The financial institutions will provide 3 percent home improvements loans to homeowners will annual incomes of no more than $13,750. The loans will be subsidized by community development funds. Those in the $13,750 to $25,000 income bracket will be eligible for non-subsidized loans at 8 percent. The money will be raised by issuing revenue bonds.

The credit union administration is allowing federal credit unions to sell mortgages on the secondary market. It authorizes sales to the Federal National Mortgage Association, the Government National Mortgage Association, the Federal Home Loan Mortgage Corp. as well as federal, state and local housing agencies.

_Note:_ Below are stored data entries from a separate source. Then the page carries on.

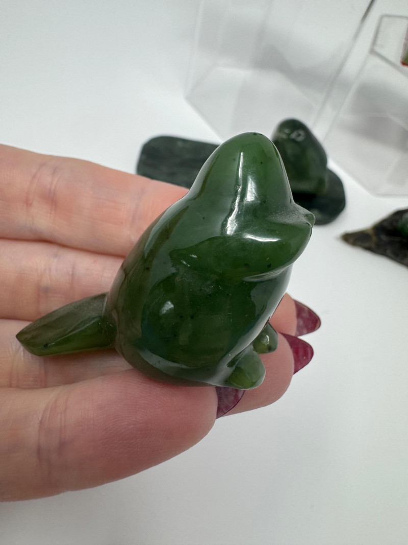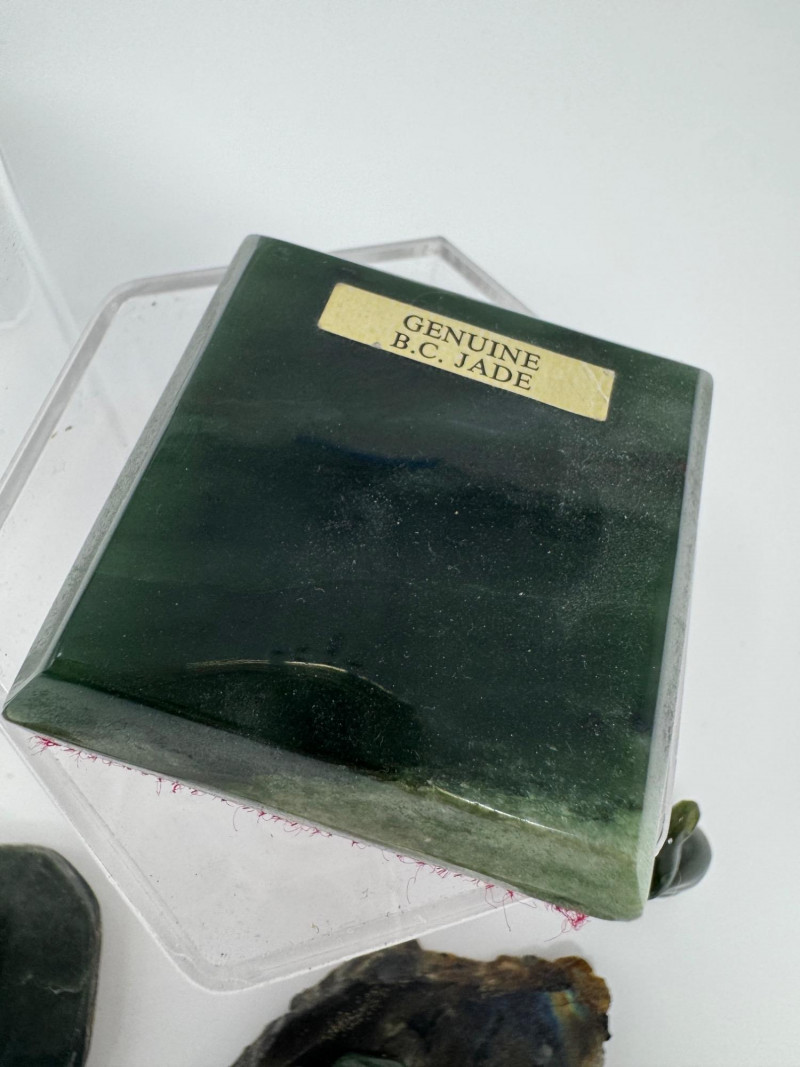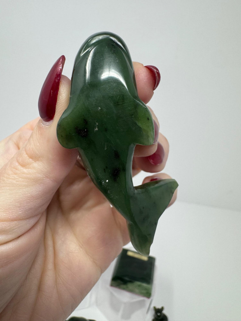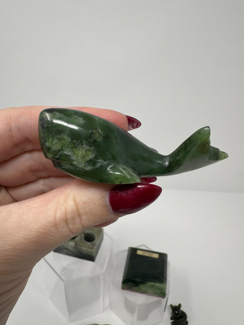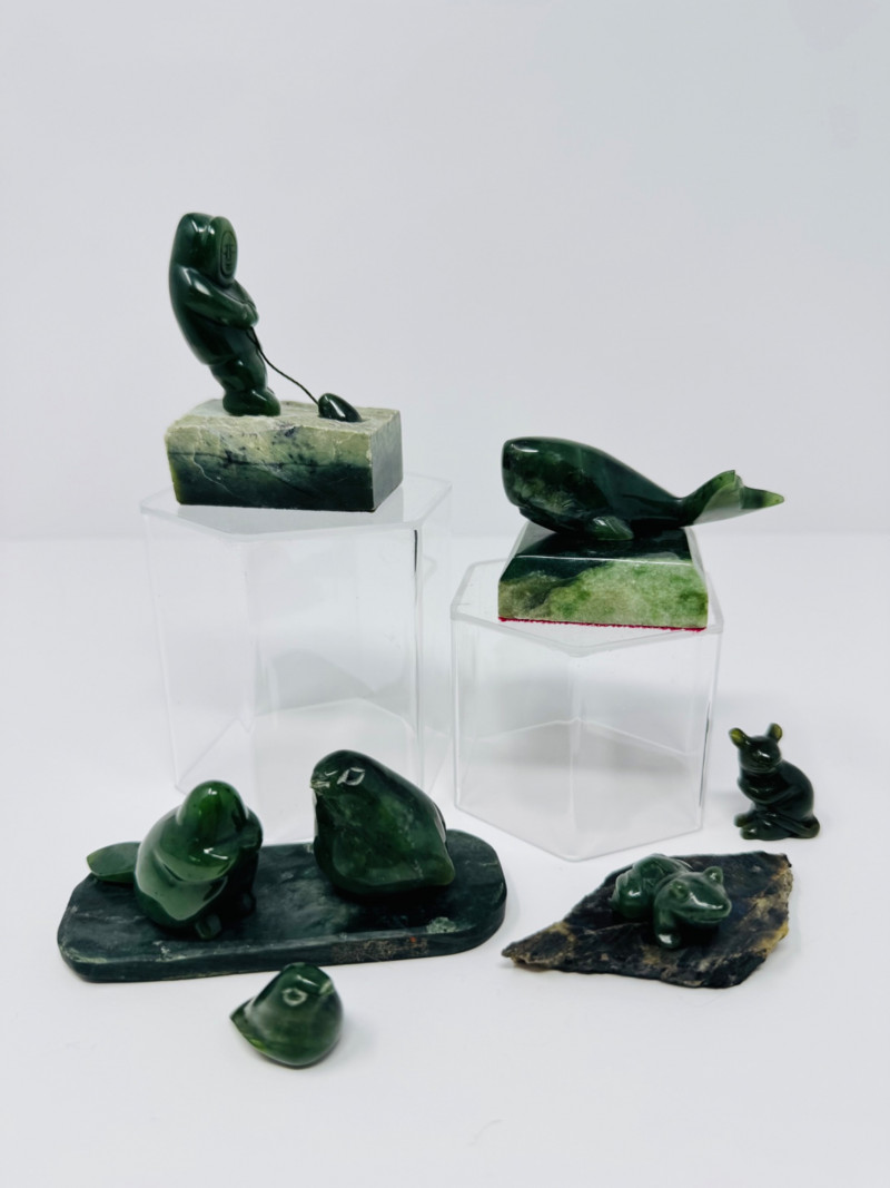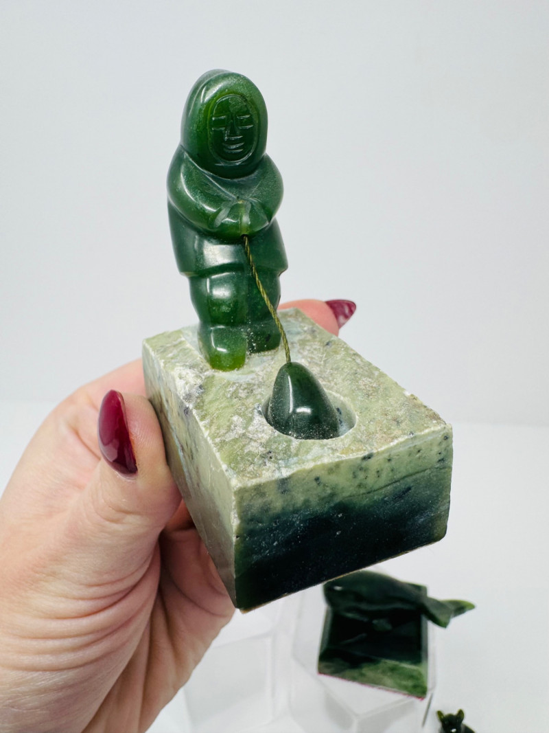 B.C. Jade Stone Carvings – Inuit & Animal Figures. Genuine British Columbia jade carvings, made in Canada. Includes: Inuit figure ice fishing (2.5” tall, on base) Whale on rectangular base Pair of jade birds on shared base Frog figure Mouse/rabbit figure Single small bird Shades of dark green jade with natural variations Inuit figure base marked “Genuine B.C. Jade” Sizes range approx. 1” to 2.5” tall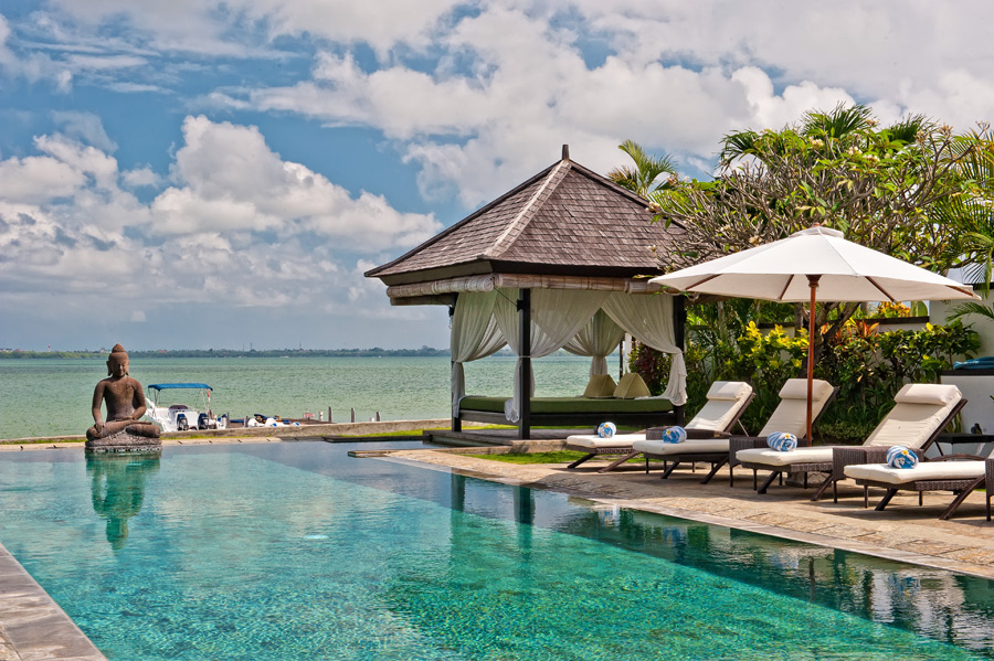 Located on the waterfront in a quiet lagoon of the popular resort area Tanjung Benoa, this villa welcomes its guests with the unforgettable ocean views. That, and a 20-meter-long swimming pool with Jacuzzi right on the ocean front, cozy pool-side gazebo and the statue of a meditating Buddha overlooking the pool and symbolizing balance and harmony.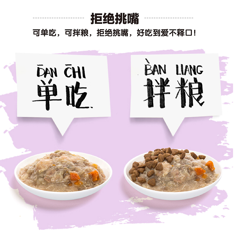 80g * 10 packs of tuna (2 packs randomly given) 80g * 10 packs of chicken and crab meat (2 packs randomly given) 80g * 10 packs of chicken (2 packs randomly given) gold needle soft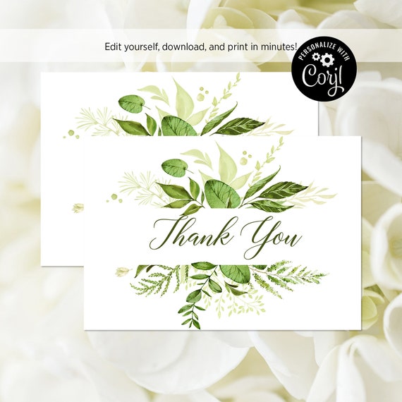 Editable File Greenery Thank You Card Green Foliage Bridal Shower Thank You Note Baby Shower Thank You Wedding Stationery Corjl Template 263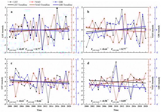 The GrIS LST, NAO and GBI anomaly time series, (a) MAM; (b) JJA; (c) SON; (d) DJF; * and ** Indicates a confidence level of 0.05 and 0.01.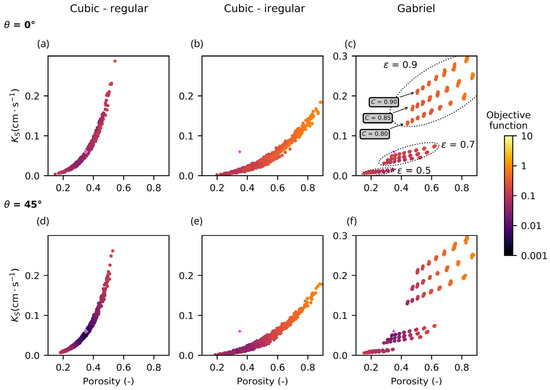 Comparison of the results simulated for three pore network configurations. The columns (a,d), (b,a), (c,f) correspond to the three network generation approaches and the rows (a–c), (d–f), correspond to the two values of the contact angle. The magenta cross symbol shows the Ks values determined in laboratory experiment. The color of the other points represents the value of the objective function . The plots with the results of Gabriel’s approach exhibited a higher range of KS values.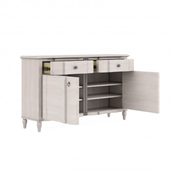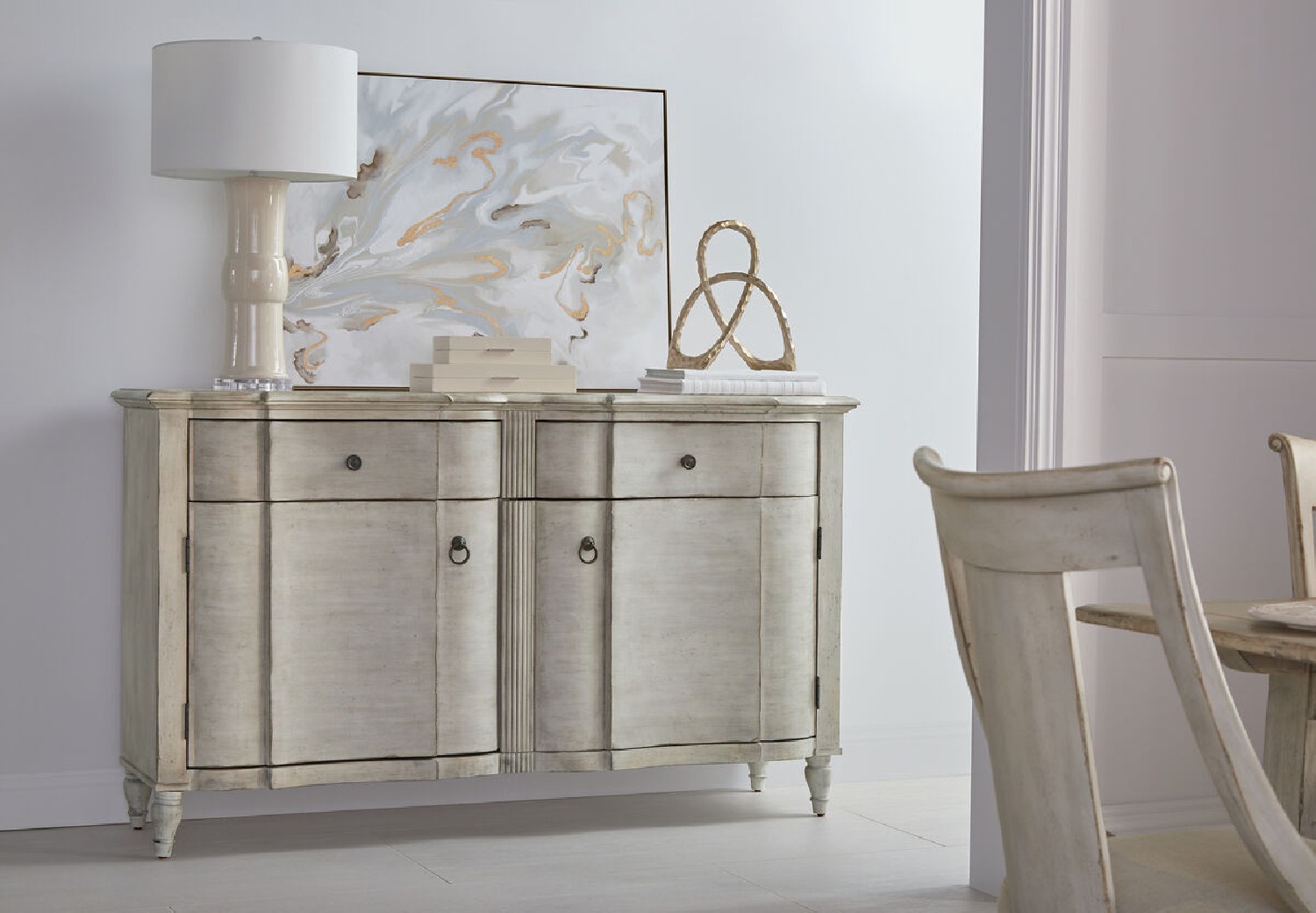 Enhance your dining room with the Alcove Buffet, a stunning piece that combines traditional style with exceptional craftsmanship and relaxed finishes. Featuring shapely drawer and door fronts with reed detailing in the middle of the case, this buffet exudes sophistication and offers ample storage for your dining essentials. With its felt-lined drawers, adjustable shelves, turned wood legs, and burnished brass hardware, this buffet is a testament to both beauty and practicality.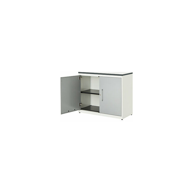 Armadio con ante a battente, alt. x largh. 830 x 1000 mm, pannello in plastica, 1 ripiano, bianco puro / alluminio brillante / bianco. Fornitura = montato. Larghezza = 1000 mm. Altezza = 830 mm. Profondità = 432 mm. Colore corpo = bianco puro RAL 9010. Materiale = acciaio, verniciato a polvere. Tipo di prodotto = armadi con ante a battente. Tipo di porta = anta a battente. Colore porta = alluminio brillante RAL 9006. Numero ante = 2 pz. Numero ripiani = 1 pz. Materiale ripiani = acciaio, verniciato a polvere. Colore ripiani = nero grafite RAL 9011. Portata per ripiano = 55 kg. Caratteristiche = con serratura. Serratura = serratura a cilindro girevole con chiusura a triplo chiavistello, 2 chiavi incluse. Numero file raccoglitori = 2 pz. Dotazione interna = 1 ripiano. Angolo di apertura delle porte = 120 °. Semplice spazio per raccoglitori, documenti e materiale da ufficio. Il modello classico tra gli armadi archivio. Design minimalista. Funzionalità pratica. Corpo: robusto corpo in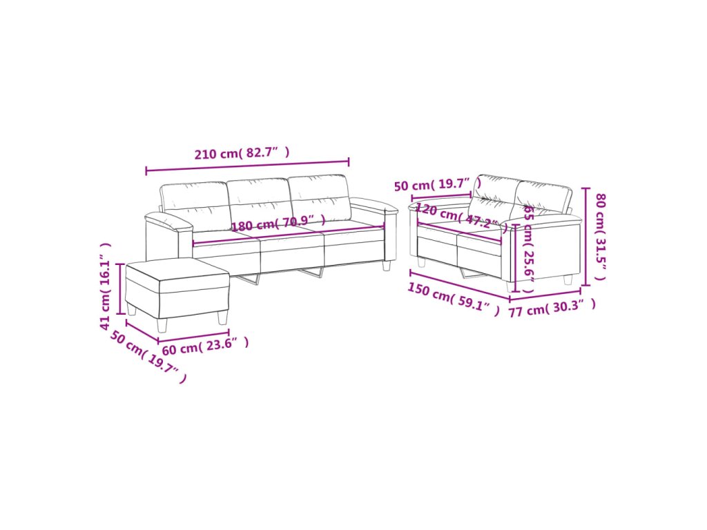 3dílná sedací souprava s poduškami tmavě šedá mikrovlákno 3202346

The purpose of the action is to allow credit unions expanded lending capabilities. In this way, NCUA reasoned, persons of low and moderate means, who in the past have not been able to obtain mortgages, will find a source of available funds from their credit union.

Credit unions, like savings and loans, have had to curtail lending during the current mortgage crunch because demand has been so heavy. NCUA administrator Lawrence Connell noted recently that loans outstanding had expanded by an estimated $5.3 billion by the end of June, compared with a $3.9 billion increase in savings. Borrowing increased to meet excess loan demand of $1.4 billion.

To assist federal credit unions in obtaining funds, legislation has been introduced to establish a central liquidity facility, or a central bank for credit unions. The bill would provide the facility with a total financing capability of $2 billion to $3 billion, although NCUA estimates that actual lending over the next five years would not exceed $300 million a year.

Federal credit unions have increased their size dramatically during this decade; their assets now total $54 billion.